FERNANDO FERNÁNDEZ ROMÁN
Después de la copiosa ración anual de toros que nos sirve Madrid en la muy ancha bandeja de su plaza de toros, durante los días que la primavera se aloca en cuestión de temperaturas, una lueñe relajación no le viene mal al cuerpo. Echar una virtual cabezada durante estos días de junio, es proverbial. Invita a la reflexión, que es el estado en que siempre debiera instalarse la justicia, para dictar sentencias o, en este caso, sacar conclusiones. Las fechas inmediatamente posteriores a la feria de San Isidro son proclives a concitar a una serie de conspicuos individuos para proclamar, más o menos solemnemente, a los triunfadores de un apartado al que concurren toros, toreros, ganaderías, secuencias de la lidia y otras zarandajas; un variado muestrario de cuestiones que resuelve un selecto sanedrín en torno a una mesa –generalmente– bien servida. Como he comentado en alguna ocasión, hace muchos años que me aparté de estos menesteres. No me interesa asistir al fuego cruzado de incongruencias u opiniones interesadas o partidistas. Solo mantengo fidelidad a uno de estos jurados, por haber adquirido tal compromiso en tiempos que, para servidor, adquieren un carácter de emotividad reservada.

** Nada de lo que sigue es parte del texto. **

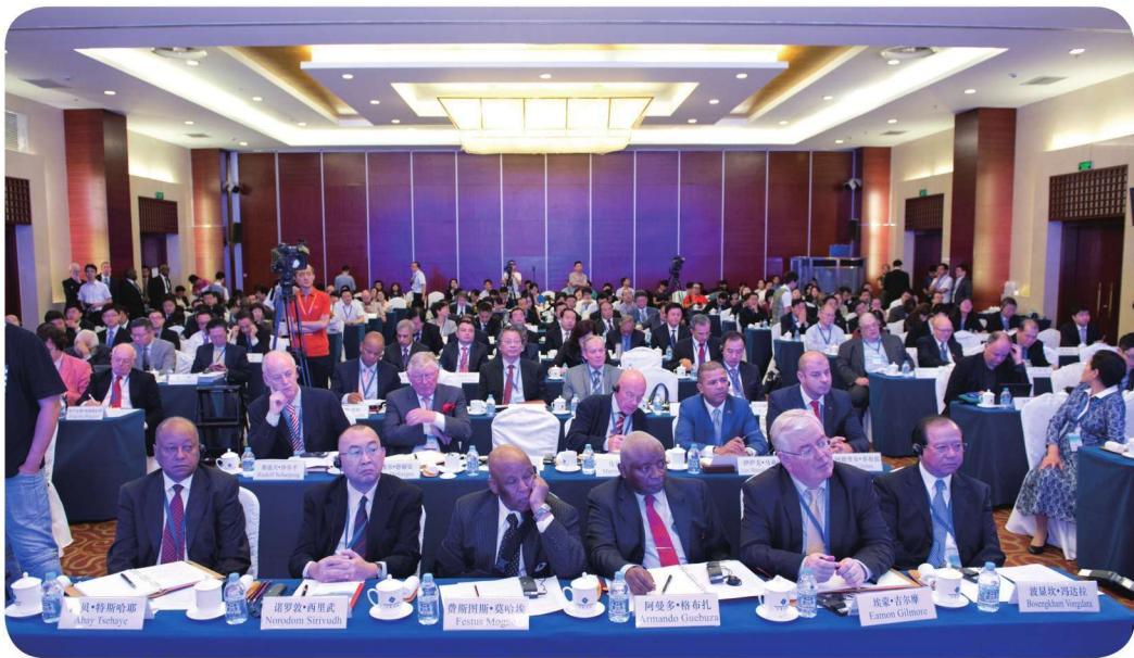
This is a glimpse of the conference hall for the Plenary Session of the Dialogue.
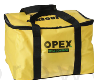
Bio hazard Spill Kit 20 Liter

Pues bien, una vez sacudidas modorras y morriñas, constato la unanimidad que con que se ha reconocido la aplastante superioridad de un hierro ganadero con respecto a la treintena que con él han competido: el de Juan Pedro Domecq. La mejor corrida de la feria, por presentación, bravura y codicia, han dicho los que, al parecer, saben de esto. Unámine, digo. ¿Quién se hubiera atrevido a apostar por Juan Pedro cuando los carteles fueron ofrecidos a la pública curiosidad?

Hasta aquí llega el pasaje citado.